Bankruptcy of failed Missouri factory project nears end after 10 years of lawsuit
Unsecured creditors will receive less than a nickel on the dollar for debt left over from a Moberly economic development project that went bankrupt in 2011 as Missouri lawmakers worked on a financing plan air freight shipments from china.
A final report pending before U.S. Bankruptcy Judge Dennis Dow outlines how $2.1 million will be distributed among parties who made claims totaling $41.5 million from the failed Mamtek project.
The report, filed by bankruptcy trustee Bruce Strauss on January 25, summarizes 10 years of searching for money. It raised a total of $4.7 million, with administrative and other expenses accounting for $2.6 million of the total.
“It was a very complicated case both to determine what happened and to seek reinstatement of parties across the country,” Strauss said in an interview with The Independent.
When California businessman Bruce Cole brought the Mamtek project to Missouri in 2010, he described it as a venture backed by American and Chinese investors that relied on manufacturing processes already used in China. He was held up as an example of how partnerships between China and Missouri could make the two more prosperous and won an award for his community impact based on his job promises.
By early September 2011, the project had run out of cash, had laid off the four people it had hired, and was in default on bonds issued to fund construction. This was at the same time that the legislature was in special session to work on a tax credit scheme that would have funded the Aerotropolis Cargo Hub at Lambert International Airport.
The similarity between the two projects – huge benefits promised to a community willing to fund a deal with Chinese ties – and Moberly suffering huge losses with nothing but the shell of a building and a lower credit rating to show for it blocked the extraordinary session.
House and Senate leaders said at the time that the revelations about Mamtek made rank and file members of both chambers nervousand one said it was a “flash point” for lawmakers worried about expensive economic development programs.
Attorney General Eric Schmitt’s sponsorship of the Aerotropolis plan while a member of the state Senate has now become an issue in the Republican US Senate primary. A new announcement from a PAC supporting former Governor Eric Greitens, updated aired during the Opening Ceremonies broadcast of the 2022 Winter Olympics in Beijing, attacks Schmitt for wanting to build “a cargo hub for airlines belonging to the Chinese Communist Party”.
Most of the unsecured debt that will be settled if Dow approves Strauss’ report is due to the $39 million borrowed by Moberly through its Industrial Development Authority to fund construction.

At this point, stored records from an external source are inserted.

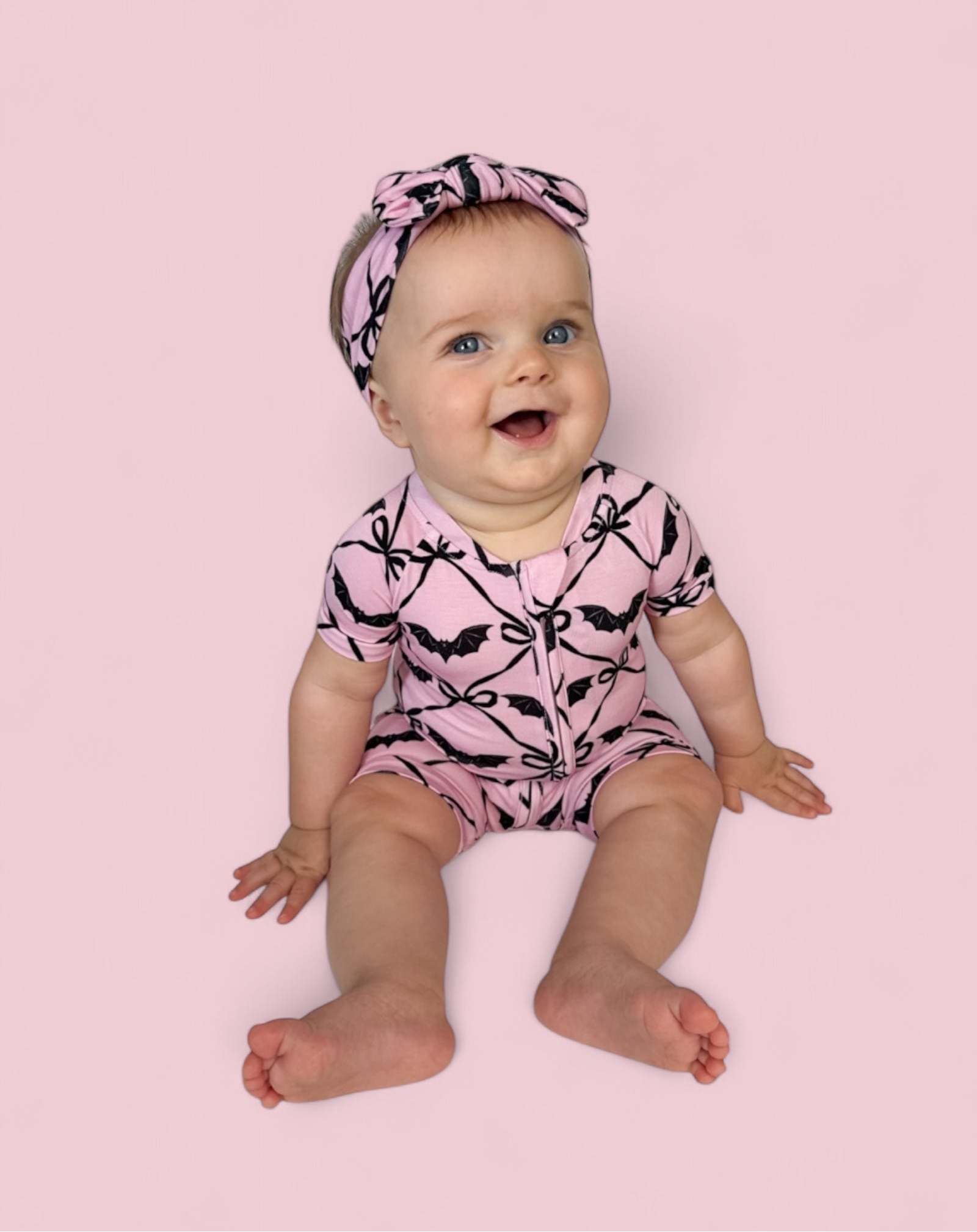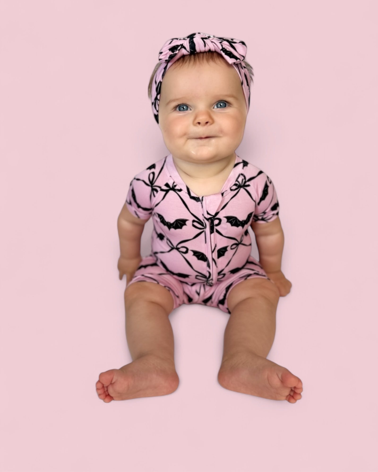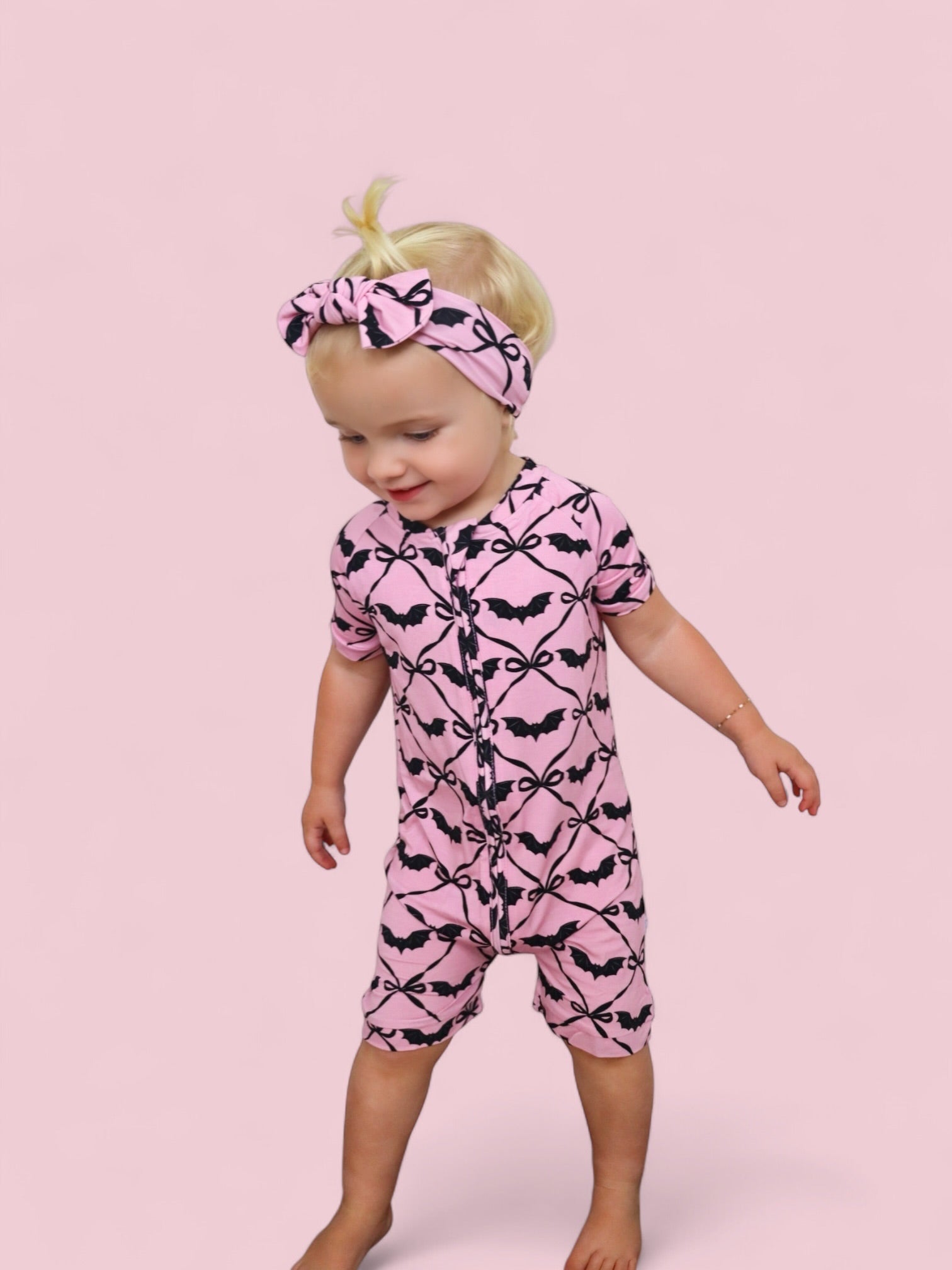 Bedtime gets a spooky-cute upgrade with the Batty Bows Dream Shortie! Featuring a pink background covered in black bows and fluttery bats, this one-piece zip romper is perfect for warm fall nights, Halloween sleepovers, and cozy mornings. With short sleeves, short legs, and our signature buttery-soft fabric, it's comfy, festive, and fang-tastically fun!
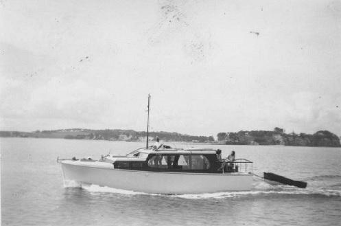 RAKANOA WITH HER 275HP HERCULES DIESEL IN NORTH HARBOUR PONUI ISLAND 1948.
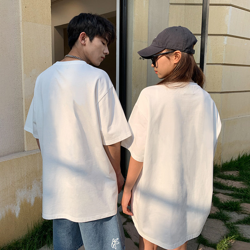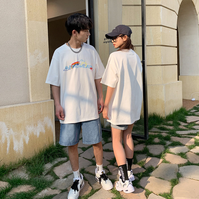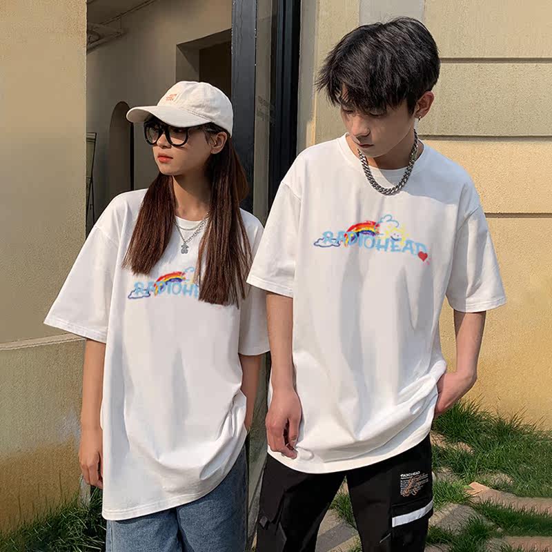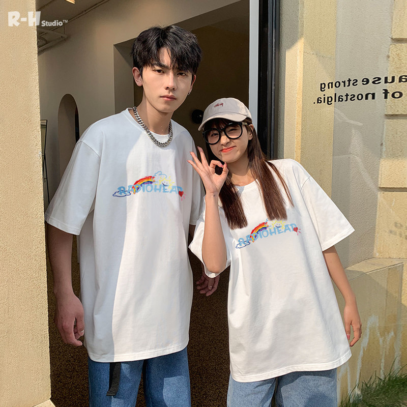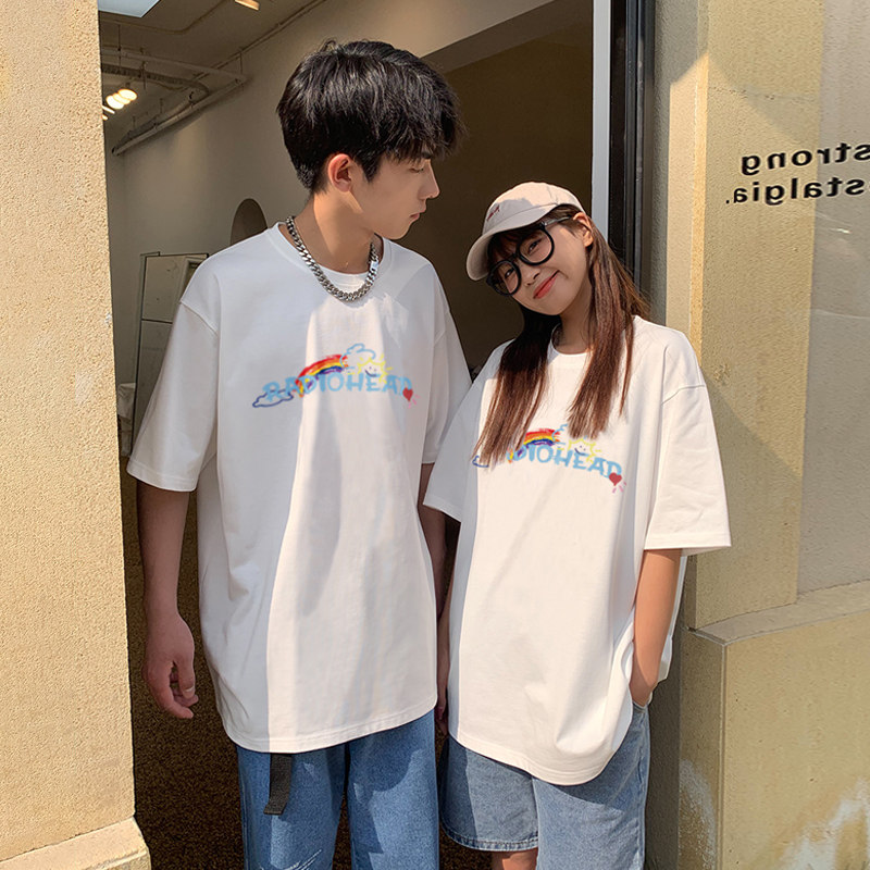 Белая хлопковая радужная футболка, летняя тонкая парная одежда с круглым воротником, в корейском стиле, принт, короткий рукав, для влюбленных
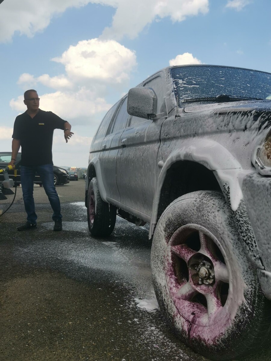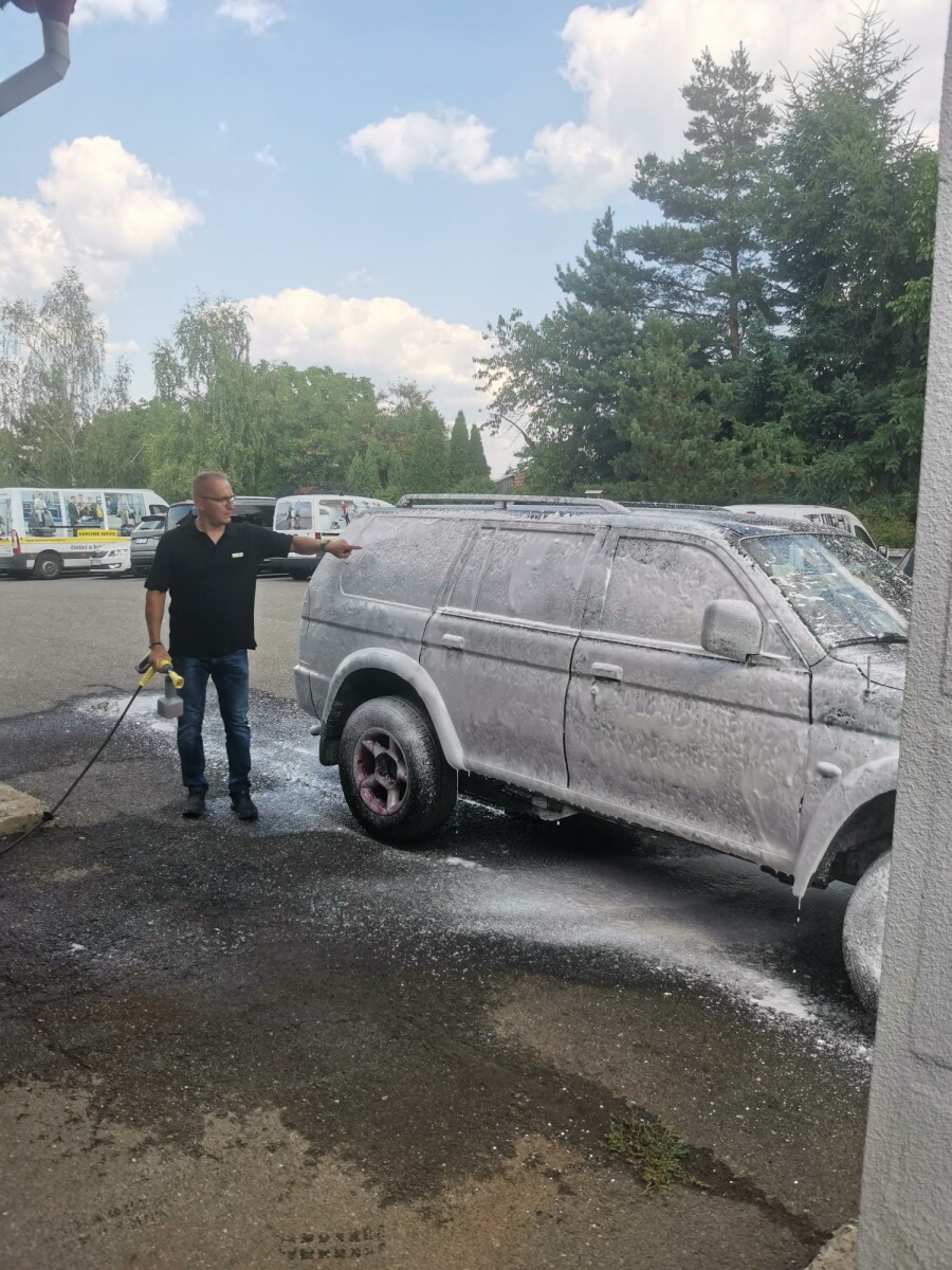 Na školení novinek jsme testovali vysokotlaký čistič bez ohřevu HD 13/18-4 SXA Plus s pěnovacím nástavcem a aktivní pěnou Kärcher.
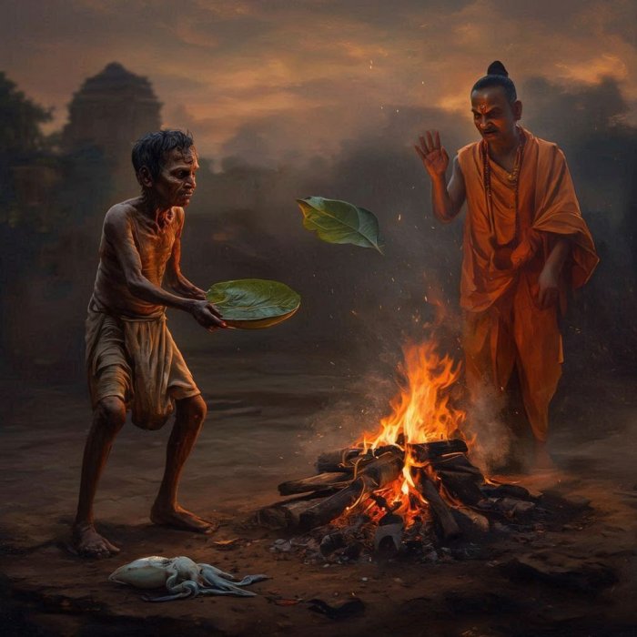 Jedan čovek je upravo završio svoj obrok. On je inače patio od užasne bolesti. Uzeo je veliki list koji mu je poslužio umesto tanjira i, želeći da izbegne rizik da zarazi okolinu, bacio ga u vatru koja je gorela u blizini. To je izazvalo ogorčenje ortodoksnog bramina koji je prisustvovao tom prizoru, pošto je smatrao da je vatra time oskrnavljena. Nije znao šta da radi, ali je osećao da nešto treba učiniti. Šta čovek radi kada je zaprljan? Sipa sebi vodu na glavu i kupa se. Tako je ovaj bramin nepromišljeno sipao vodu na vatru, da je pročisti! Vatra se brzo ugasila, a đubre koje je trebalo da izgori je ostalo. Drugi, inteligentni bramin ukazao je na glupavost ortodoksnog čoveka, i rekao: «Kako si golemu štetu napravio! Otkud vatra, prečistač svega, može da biude zagađena? Onaj čovek koji je bacio list u vatru bio je sasvim u pravu. Da nije to učinio, čitava bi se zajednica zarazila njegovom užasnom bolešću. Vatra bi, međutim, sažegla sve klice bolesti. Ali, umišljajući da je vatra oskrnavljena i stoga je ugasivši, ti si sve nas uvalio u nevolju! Uzvišeno delo pročišćenja koje je vatra vršila obustavljeno je.» Zatim je ponovo naložio vatru, zapalio gomilu đubreta i pretvorio ga u pepeo.
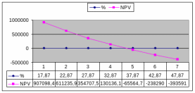| NPV | 907098,4 | 611235,9 | 354707,5 | 130136,1 | -65564,7 | -238290 | -393591 |
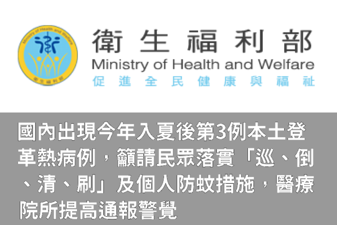 衛生福利國內出現今年入夏後第3例本土登革熱病例,籲請民眾落實「巡、倒、清、刷」及個人防蚊措施,醫療院所提高通報警覺
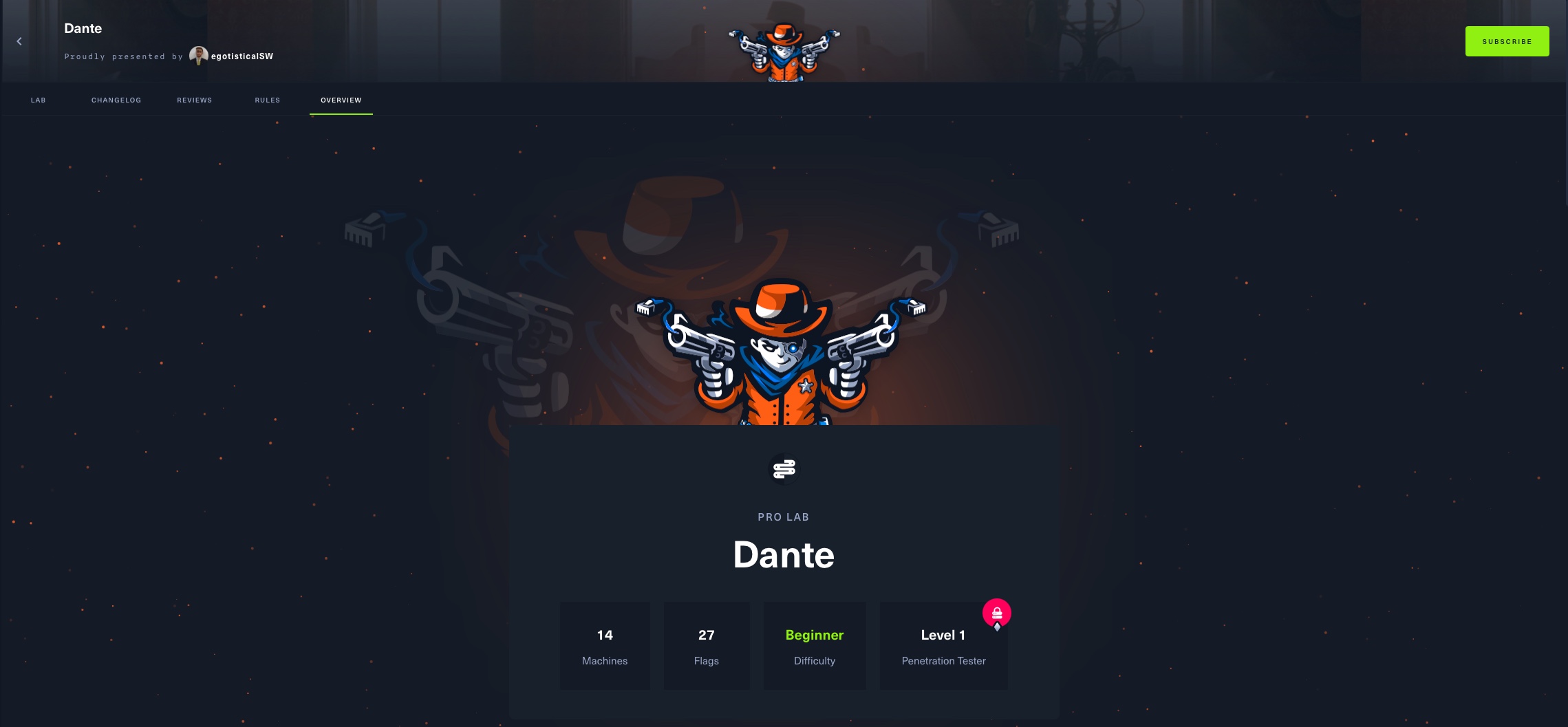 Le laboratoire Dante Pro est le plus accessible aux débutants à ce jour. Il s’adresse aux joueurs ayant déjà une certaine expérience des attaques réseau et web, ainsi qu’une bonne compréhension des concepts de base des réseaux et des méthodologies d’intrusion telles que l’analyse/l’énumération, le déplacement latéral, l’élévation de privilèges, la post-exploitation, etc.
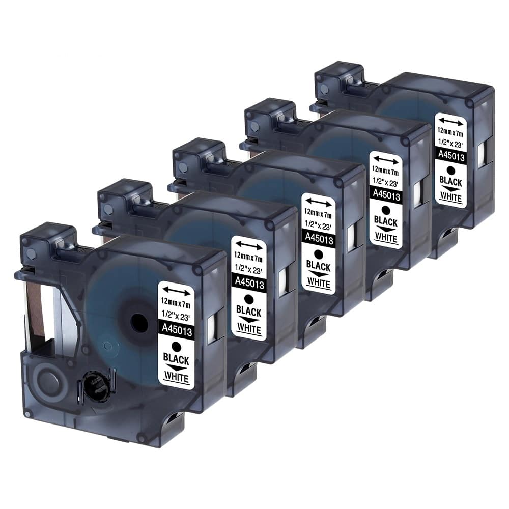 Rabatpakke – 5 stk Dymo 45013 D1 sort på hvid tape Kompatibel S0720530 – 12mm x 7m passer til: Dymo Labelmaker 4500 | Dymo Labelmaker PC 10 | LabelMANAGER 100P | LabelMANAGER 120P | LabelMANAGER 150 | LabelMANAGER 160 | LabelMANAGER 200 | LabelMANAGER 210
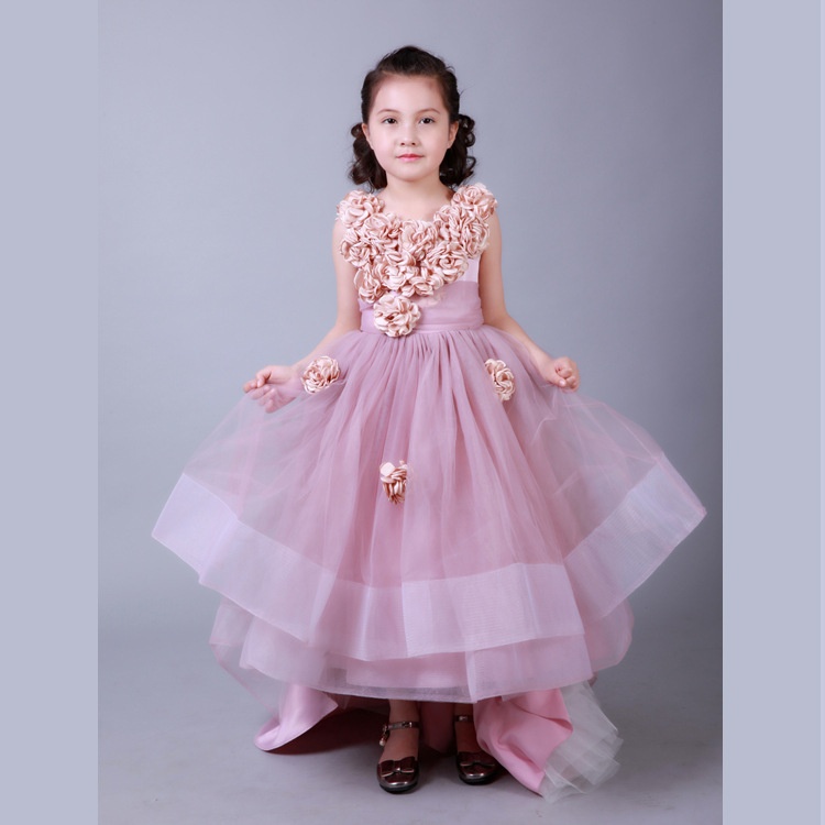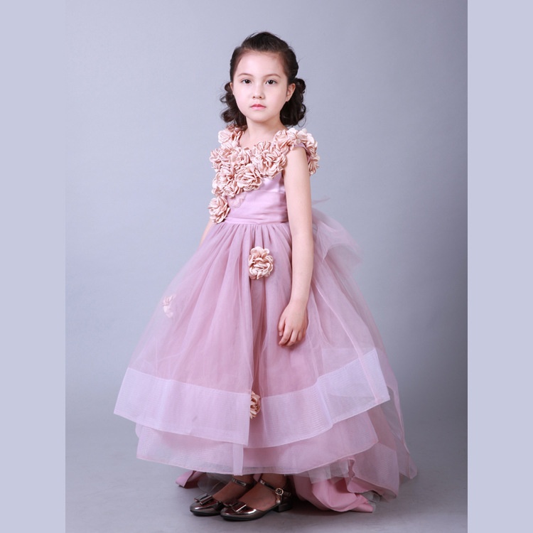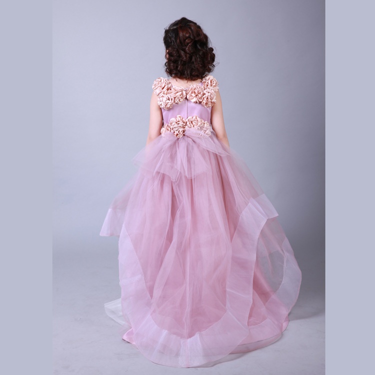Foreign Trade European And American Children's Dress Satin Flower Girl Dress Performance Birthday Catwalk Princess Puffy Long Skirt Can Be Sent On Behalf Of

Moberly delivered on Cole’s promise to employ up to 600 people, as outlined in project documents sent to communities across the state by the Department of Economic Development. Then-Governor. Jay Nixon joined Cole for an announcement in July 2010 touting $17.6 million in state incentives for the plant.
The bonds were sold to investors in $5,000 increments and Strauss’ report shows an outstanding balance of $36 million, of which $1.65 million will be paid to the bond trustee, UMB Bank.
“If no objection is filed, the court will consider it, and if everything appears to be in order, the court will issue an order allowing me to distribute the funds as stated in the notice,” Strauss said. “It would be rare for the court to disapprove of the final report.”
Other payments will be as small as $11.08 to Ameren Missouri to settle a $242.16 utility bill and as large as $135,552 to settle a $2.9 million claim from a company that provided equipment for the plant.
The project failed because the process of making the sweetener had not been tried, Cole was unable to secure the promised private investment to match Moberly’s bond funds and cost estimates from construction were not based on any finished plan.
But the biggest hurdle was Cole’s systematic looting of the bond fund. By submitting fake invoices, he embezzled $6.6 million from the construction, kept much of the money, and distributed the rest to other California friends who were instrumental in establishing Mamtek.
In November 2014, Cole pleaded guilty to theft and securities fraud and was sentenced to seven years in prison. He was paroled in 2018 and his efforts to overturn the conviction ended in April 2021 when he lost in the Eastern District Court of Appeal.
Mamtek’s collapse triggered numerous lawsuits. Investors sued the companies that marketed the bonds, receiving settlements that restored some, but not all, of their lost funds.
In addition to the criminal charges, the Securities and Exchange Commission won a decision in California ordering Cole and his wife to pay $1 million to return Mamtek’s ill-gotten personal profits. The judgment is currently on appeal.
And Strauss went to court several times as the Coles fought over money from the sale of a Beverly Hills home they had saved from foreclosure with Moberly bond funds.
“This case wouldn’t have been this long without dealing with Bruce Cole,” Strauss said. “He pleaded everything.”
Cole could not be reached for comment.
Finally, in 2019, the Coles received $90,000a debt to a Kansas City law firm was paid, and taxes Coles owed California on the sale were paid.
“We came to a settlement that allowed him to take some money,” Strauss said, “but I had to do it for this to end.”